学校などでの集団生活では、なかなか自由に水分を摂れません。ですから、朝や帰宅後には十分な水分を与えるよう、気を付けてあげてください。とはいえ、子供はなかなか水そのものを好んで飲んでくれません。そんな時は麦茶などのお茶や、果汁、野菜ジュースなどでも良いでしょう。果汁や野菜ジュースには食物繊維も入っていますし、さらにオレンジジュースなどは腸内環境を良好にしてくれる果糖が豊富なので、便秘にはより効果的なのです。

また、食事にもスープや味噌汁などの汁物をプラスすることで、水分は補えます。お母さんの気遣いと工夫で、こどもの水分不足を解消しましょう。子どもは自分が便秘だとはわからないものです。ひどくなってお腹が痛くなるまで放っておくことになりがちです。うんちは出ていても、おしっこの回数が少なくなったり、コロコロの硬いうんちであれば、水分不足による便秘が考えられます。

特に運動の前後や、暑い夏などは、まめに水分を摂れるように持ち歩いたり、野菜中心の栄養バランスの取れた食事を心掛けるなど、十分な水分を与えましょう。出来れば子どもには、便秘で苦しくて痛い思いをさせたくはないですね。

便秘予防には適度な運動で筋力アップとストレス軽減の一石二鳥を!

便秘を予防するには、「規則正しい生活」と「バランスの取れた食事」の他に、もうひとつ大切な生活習慣として、「適度な運動」が挙げられます。便秘予防のための運動とは、主に腹筋を鍛えることと、血行を良くすることが目的になります。もちろん、生活習慣病全般にも効果があるのはもちろんのことです。

腹筋は、排便をする際にとても大切です。腹圧によって便を排出するため、腹筋が弱いとなかなか排便が出来ず、弛緩性便秘になってしまうのです。ですから、腹筋を鍛えることで便秘の予防が出来るでしょう。腹筋だけを鍛えるのであれば、腹筋体操が一番効果的です。しかし、腹筋だけでなく、全身の筋肉を鍛えることも大切であり、それにはウォーキングや水泳などが最適でしょう。

ウォーキングや水泳などは有酸素運動であり、自律神経のバランスを副交感神経が優位な状態にしてくれます。そして、腸の働きが良くなり、便意を感じるのはこの副交感神経が活発な時です。まさに便秘予防に最適な運動といえますね。有酸素運動には2重の効果があるというわけです。
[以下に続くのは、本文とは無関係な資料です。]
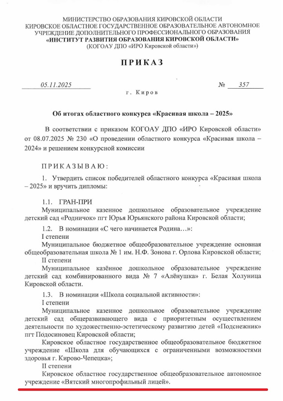 Подведены итоги областного конкурса «Красивая школа — 2025».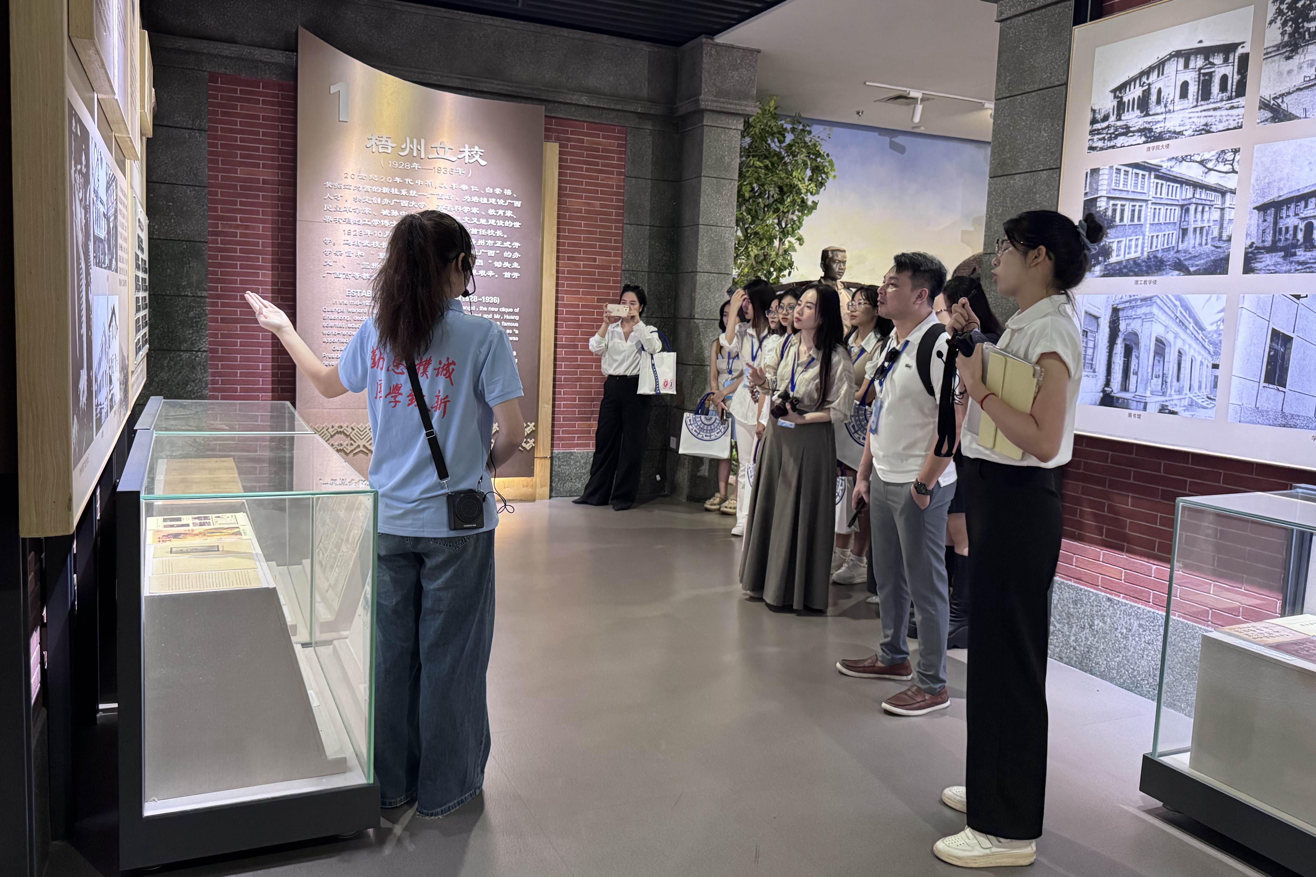开营仪式后,越南师生参观了公司校史馆与育才公司旧址。据悉,本次夏令营为期8天,内容涵盖三大模块:课程学习聚焦中国-东盟数字经济合作、企业的商业模式创新、汉语基础课等;文化体验环节组织学员参观南宁民族博物馆,体验螺钿饰品制作、剪纸、油茶等非遗技艺;企业参访则安排学员走进广西泛航国际物流有限公司等企业,深度感知中国产业升级路径。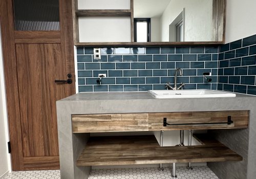 レンガの壁、タイルやモールテックスを使用した造作洗面
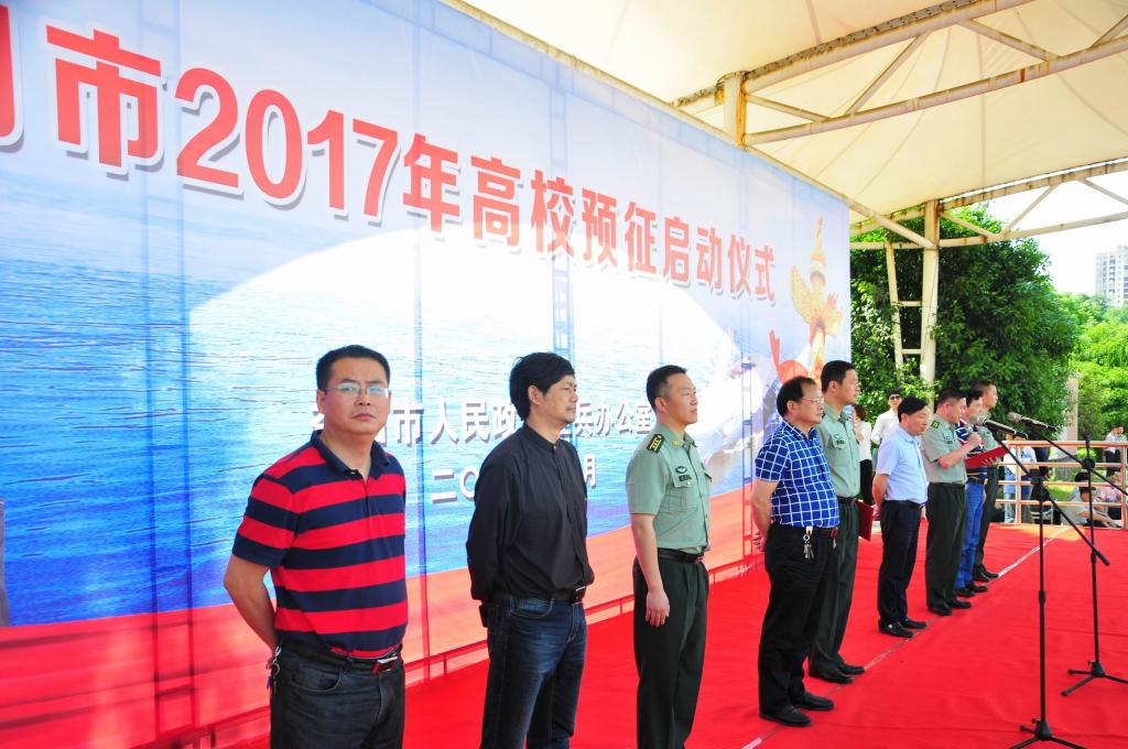 (本网讯)5月16日下午,益阳市2017年高校预征启动仪式在永利官网田径场隆重举行。益阳市征兵办公室主任、军分区参谋长盛全大校,市政府副秘书长杨光辉,永利官网副校长谭献良,湖南工艺美术职业学院副校长汪泳波,益阳医学高等专科学校副校长范珍明,益阳职业技术学院副校长潘访华,以及资阳区、赫山区人武部、各高校领导同志、老师、1000多名各高校学生代表参加了启动仪式。启动仪式由赫山区人武部部长张永发主持。

さらに、運動が便秘予防に役立つ理由として、血行を良くするということも重要です。もちろん、そうした目的からも有酸素運動などはもってこいといえるでしょう。いつでも気軽に出来ますし、毎日の習慣にすることで、筋力アップや健康に良いだけでなく、便秘の要因でもあるストレスの軽減にも役立ちます。便秘のみならず、生活習慣病全般の予防に最適なのです。食生活などの生活習慣の改善と共に、是非無理なく毎日の運動を取り入れて、便秘にならない身体を作りましょう。
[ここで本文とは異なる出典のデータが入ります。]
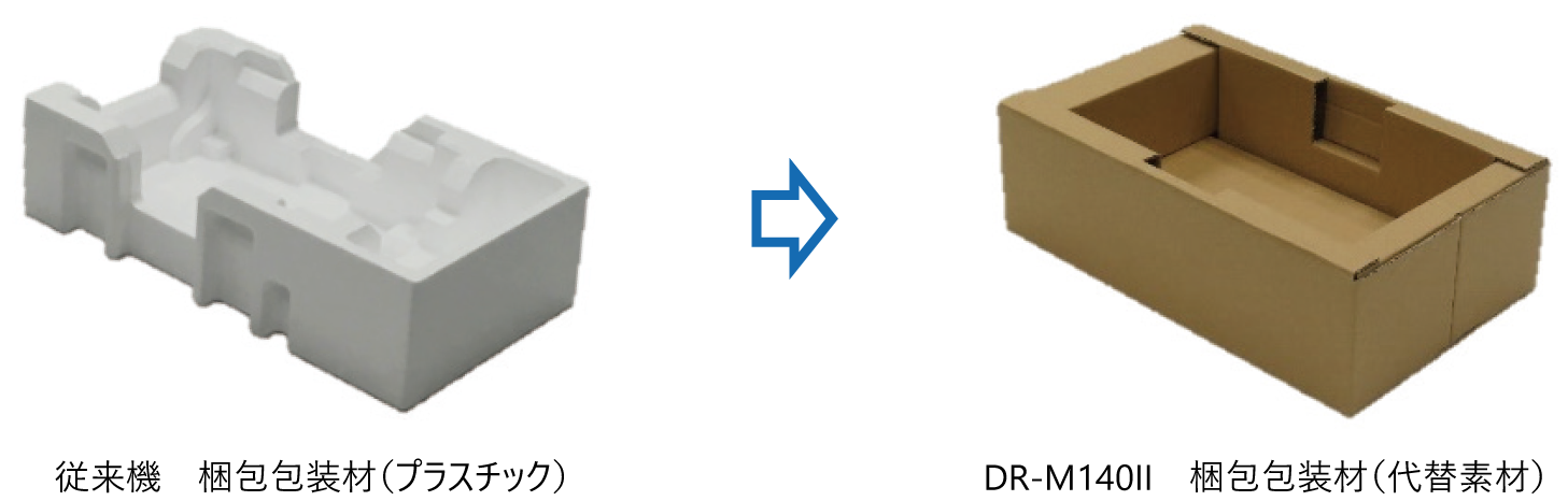 資源や環境に対する社会的な課題解決に取り組むため、imageFORMULAシリーズでは環境負荷の低い素材の採用を積極的に進めています。“DR-M1060II” は本体に使用している再生樹脂の使用率を従来機種※の11%から20%以上へ、“DR-M140II”は1%から20%以上へ向上させています。また、従来の梱包に使用していたプラスチックを環境に配慮した代替素材に置き換えることで環境負荷低減を図っています。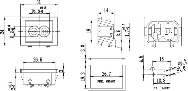 IEC插座系列,小型八字插座,米老鼠插座 ,梅花座等多种规格,产品通过UL VDE CCC CB等认证,常见于家用仪器设备,小家电等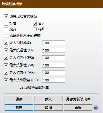 另外,我们也需要根据实际情况,将玻璃模型更改为实际玻璃库里的玻璃,这里我就只加载成都光明的玻璃库,如果一直使用玻璃模型,色差的计算将不够精确。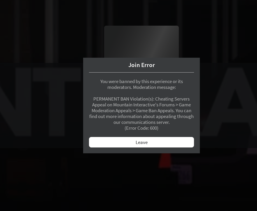 3. Your Roblox Username & User ID Mummygardner1985:2337588999 Your Discord ID gardner_22:1194045882052661308 Staff Member Who Banned You (optional) I don't know. What Happened? I have no idea, what happended.. I was fine yesterday chilling as EMS and Sheriff i was gonna hop on today around 10 AM gmt Then i've seen a ban warning saying, ''Cheating Servers'' what???? I don't have exploits scripts or executors none of that, never cheated in my life. I hope this can get resolved i've dmed some staff members hoping they could help but. Yeah so if any staff members see this please can i get unbanned, i haven't done nothing wrong and its a false ban. Ban Reason (as shown in the ban message) "Error Code 600''. PERMANENT BAN Violation(s): Cheating Servers." Why Should You Be Unbanned? I didn't cheat or exploit none of that in my opinon i think this is afalse ban icl, ive seen other appeals and its been like this alot i was just chilling as ems supervisor doing callouts then today i joined and im banned?!?!?!?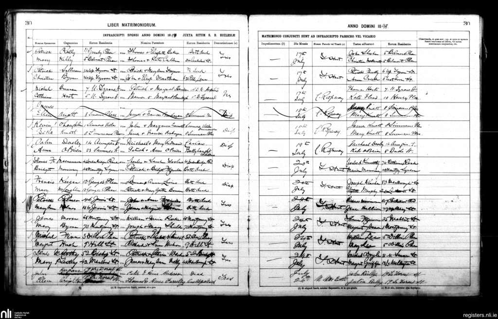 St. Mary's, Dublin city; County of Dublin; Archdiocese of Dublin. Marriages, July 1898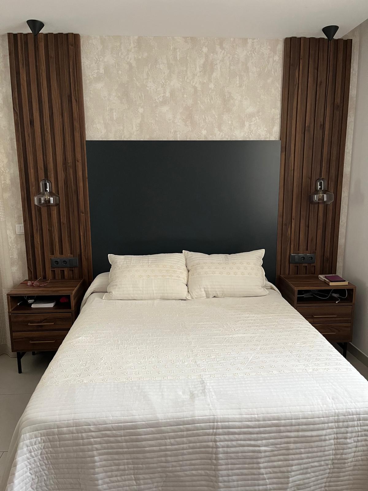 El dormitorio principal cuenta con un cabecero mural diseñado a medida, compuesto por listones verticales de madera y un panel central en negro mate. Las mesillas, realizadas en el mismo acabado, se integran perfectamente en el conjunto, aportando simetría y equilibrio. El armario empotrado, fabricado a medida, combina frentes lisos en madera oscura con tiradores en el mismo tono, creando una estética limpia y elegante.

ジャンクフードは食べたくてもちょっと我慢?便秘になる前に控えよう

現代の食生活に欠かせない物として、ファーストフードやインスタント食品といった、いわゆるジャンクフードがあります。大人から子供まで大変人気がありますが、健康に良くないというのは良く知られているところですね。

ジャンクフードというのは、そのほとんどが肉・脂分・糖分が多量に使って作られている加工食品であり、いわば工業製品です。カロリーだけが大変高くて、栄養はほとんどありません。さらに、添加物が大量に使用されているため、あらゆる生活習慣病の引き金にもなっているのです。
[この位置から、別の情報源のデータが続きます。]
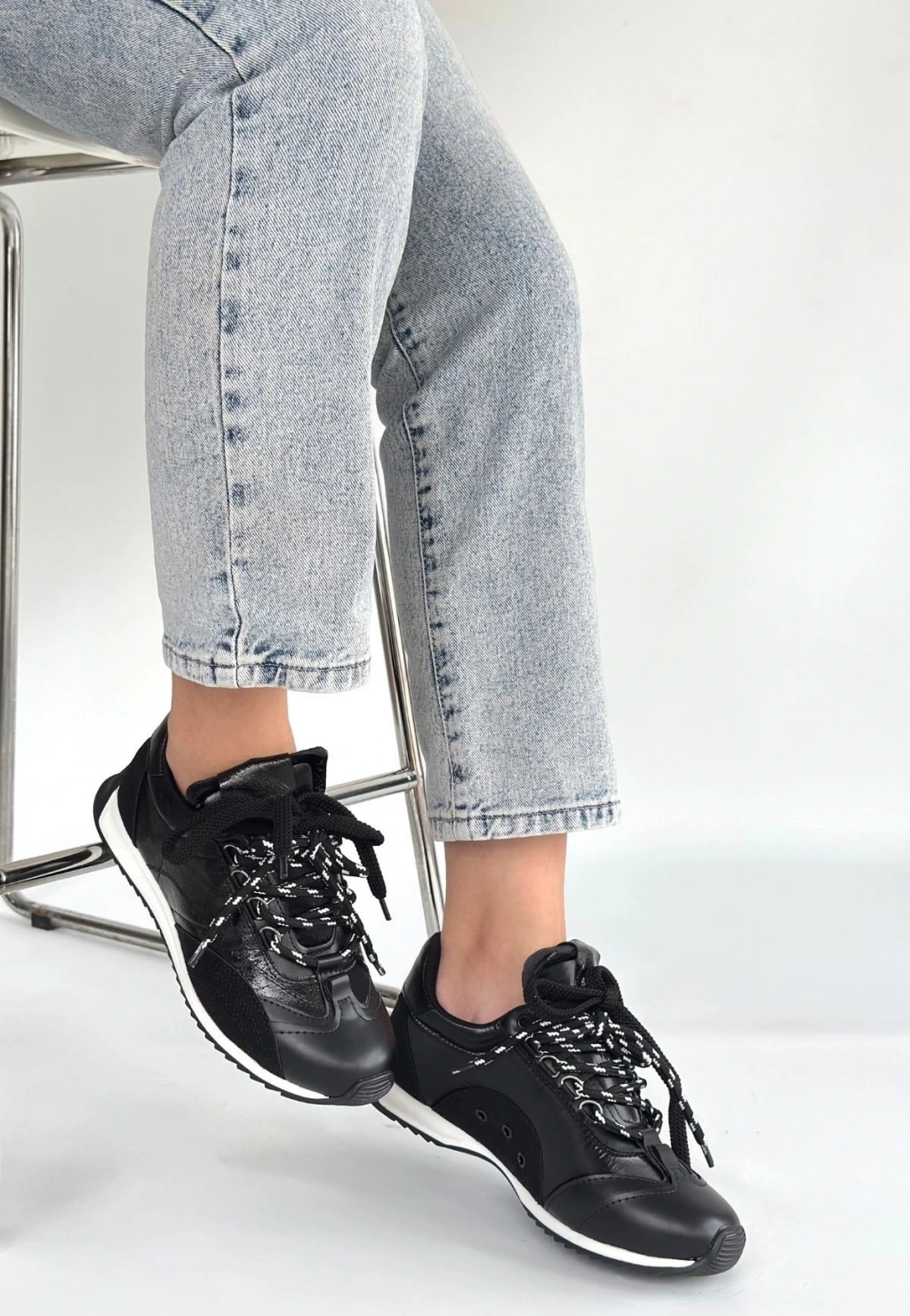 Ranu Siyah Cilt Paraşüt Detaylı Bağcıklı Spor Ayakkabı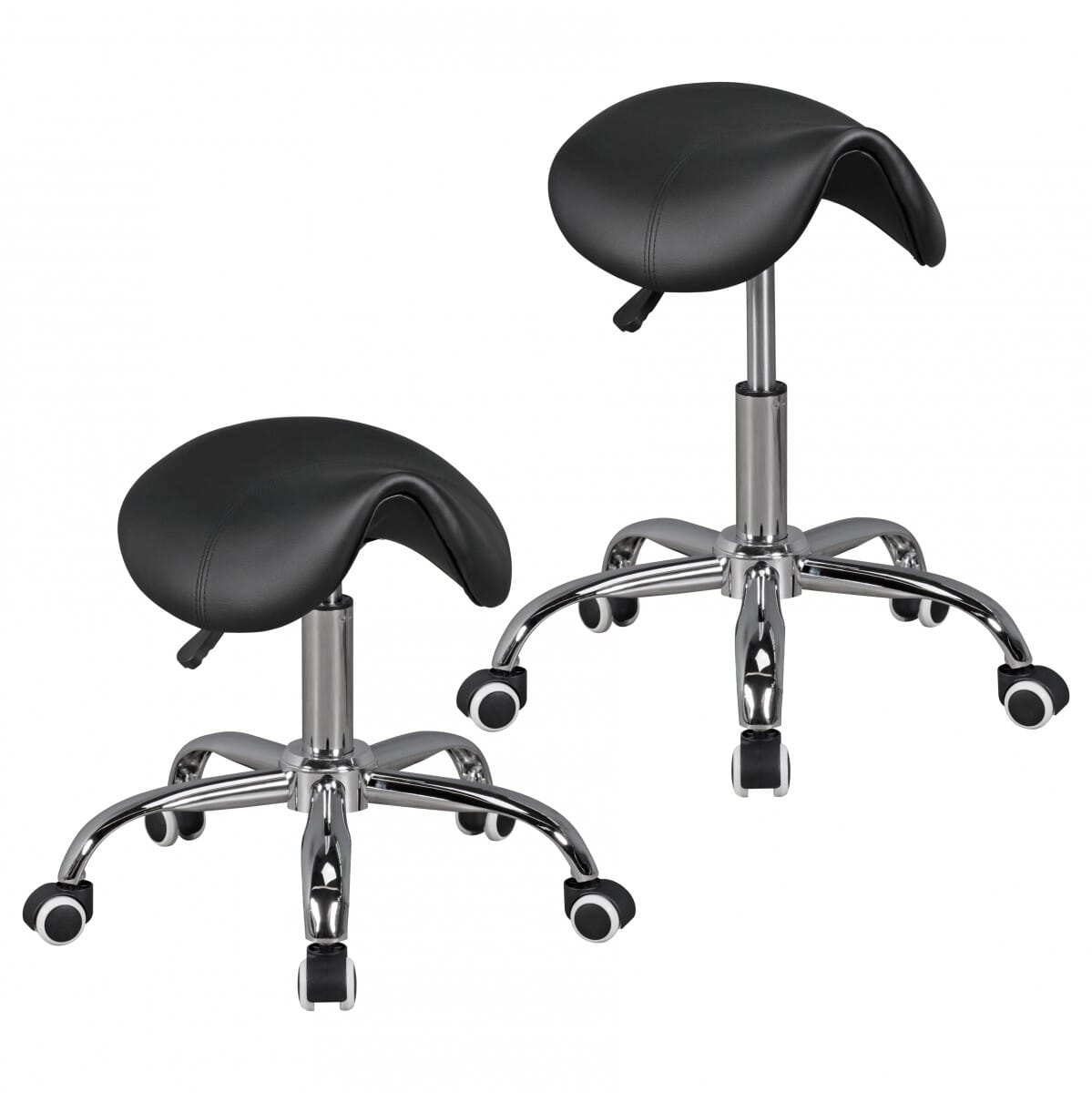 Hocker Menton höhenverstellbar Kunstleder Schwarz Sattelsitz mit Rollen

ジャンクフードの主役である肉や脂は、消化されにくいため、腸内に長く溜まってしまうため、便秘を引き起こします。腸の長い日本人には、体質的に合わない物ともいえます。しかも、動物性タンパク質は悪玉菌の大好物です。食べ過ぎると悪玉菌が増え、腸内環境が悪化し、さらに便秘に拍車をかけてしまうのです。

さらに、ジャンクフードでは食物繊維・ミネラル・ビタミンなどが著しく欠乏しているため、腸の蠕動運動の働きを低下させます。また、大腸の満腹中枢が過食命令を出しやすくなり、食べ過ぎてしまう結果、腸に溜まりやすくなり、そういった点からも便秘を引き起こす要因になっているといえるでしょう。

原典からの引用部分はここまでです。